Nenhum estudo da herança greco-romana estaria completo sem uma consideração


da linguagem politica do principado, a ordem política instaurada por Otávio Augusto em
27 a C. Normalmente, o tema do Império Romano é apresentado como tema da história
política. Sua instauração como o resultado de uma luta esganada pelo poder a que as
aventuras de Júlio César, dera azo na geração anterior. A ideologia do Império propalada
por Otaviano, o novo uso de velhas fórmulas, a nova concepção do poder seria a mera
propaganda oficial que todo novo regime necessita, indigna de ser tomada como objeto
da história das ideias.
Mas esta é uma maneira limitada de enxergar s coisas. A instauração do império
romano foi tanto uma luta pelo poder como uma profunda mudança de mentalidade.
Como é o caso com as revoluções dos tempos modernos, o significado simbólico da
fundação do império de Augusto foi um fato político tão importante quanto as mudanças
reais na estrutura governo que se lhe seguiram. Se não houvesse uma verdade profunda
na ideologia do império, a mudança jamais poderia ter continuidade que teve.
O principal item desta sua fórmula politica é a ideia de restauração da ordem
republicana através de um mandato pessoal. O Império não veio substituir uma República
vigorosa por um sistema despótico mas salvar uma República que já não correspondia a
seus ideias. Os intérpretes modernos gostam de se desfazer da intenção declarada do
jovem Imperador como demagogia. Mas, primeiro, as mudanças reais da “revolução
romana” não foram insignificantes, mas foram muito menos drásticas do que as vezes se
supõe.
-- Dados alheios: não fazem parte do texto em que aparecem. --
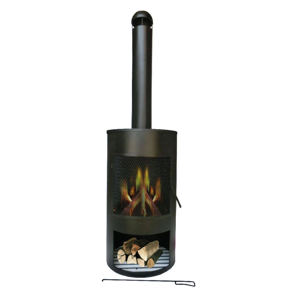 Naast sfeervol is deze tuinhaard ook veilig in gebruik. De hoge schoorsteen voert de rook goed af en het gaas rondom de korf voorkomt dat as en vonken rondvliegen.

Em muitos sentidos, a perca de poder do senado, a concentração na figura do
Imperador, e as demais mudanças institucionais que se seguiram à fundação do
Principado foram mais a corroboração de uma situação que já existia de fato que uma
inovação. O militarismo, a crise das instituições republicanas, o perigo das liberdades
romanas não foram inventadas por Otaviano. Segundo: o contraste entre uma República
e um Império só existe aos olhos modernos, que tende a ter uma visão parcial dos ideais
do classicismo. Do ponto de vista de Otávio e do mundo a que ele pertencia, que um
Imperador (não um Rex mas um chefe militar) pudesse resgatar os ideais de uma Res
Publica era algo não apenas plausível mas em certo sentido, evidente.
Que foi, de fato, o que aconteceu, prova-se pela longa persistência, no espírito
romano do império, dos ideais da Pax Augusta. Quinhentos anos depois da grande
restauração, os imperadores ainda buscavam inspirar-se nos ideais augustanos de
Constituição ideal. E não trata-se apenas de simples persistência de ideário político. O
Principado foi a era de um vigor literário quase sem precedente. Foi a época em que foi
escrita a Eneida, a construção intelectual mais característica do espírito da época, que
procura igualar o império romano à Hélade homérica, através da criação de um mito épico
equivalente. Seria um projeto impensável nas gerações anteriores, quando a atitude
romana perante a tradição literária helênica ainda era desconfiança do militar camponês
perante adversários inferiores em força mas de cultura superior. Somente depois da
restauração da República por Augusto, os letrados romanos passaram a sentir-se seguros
para absorver a tradição sem o temor de sucumbir a ela no processo. O império parecera
a toda uma geração de poetas e historiadores uma criação cultural igual ou superior à
Hélade.
Mesmo que, até o seu fim no Ocidente, não tenha nunca faltado os que criticassem
seus ideais em nome dos antigos ideais republicanos – que desde os tempos de Júlio César,
era encarnado pela figura de Catão – no fim, foi a mística imperial que triunfou. Não
poderia ser diferente. Ela conferia à antiga ideia de República um significado moral que
os antigos ideais republicanos não podiam conferir. Do ponto de vista da ideologia do
império, a ordem política romana não era apenas uma coisa própria para romanos mas
uma ordem que, graças à virtude destes, e sob sua liderança, estaria apta a incluir toda a
humanidade conhecida. As vastas conquistas realizadas pela República nos séculos
precedentes (e que foram a causa da crise que criou a necessidade de sua restauração)
puderam, graças á nova ideia, ser incluídas em uma grande visão civilizacional que lhes
atribuía um sentido superior ao de simples exercício do poder do mais forte.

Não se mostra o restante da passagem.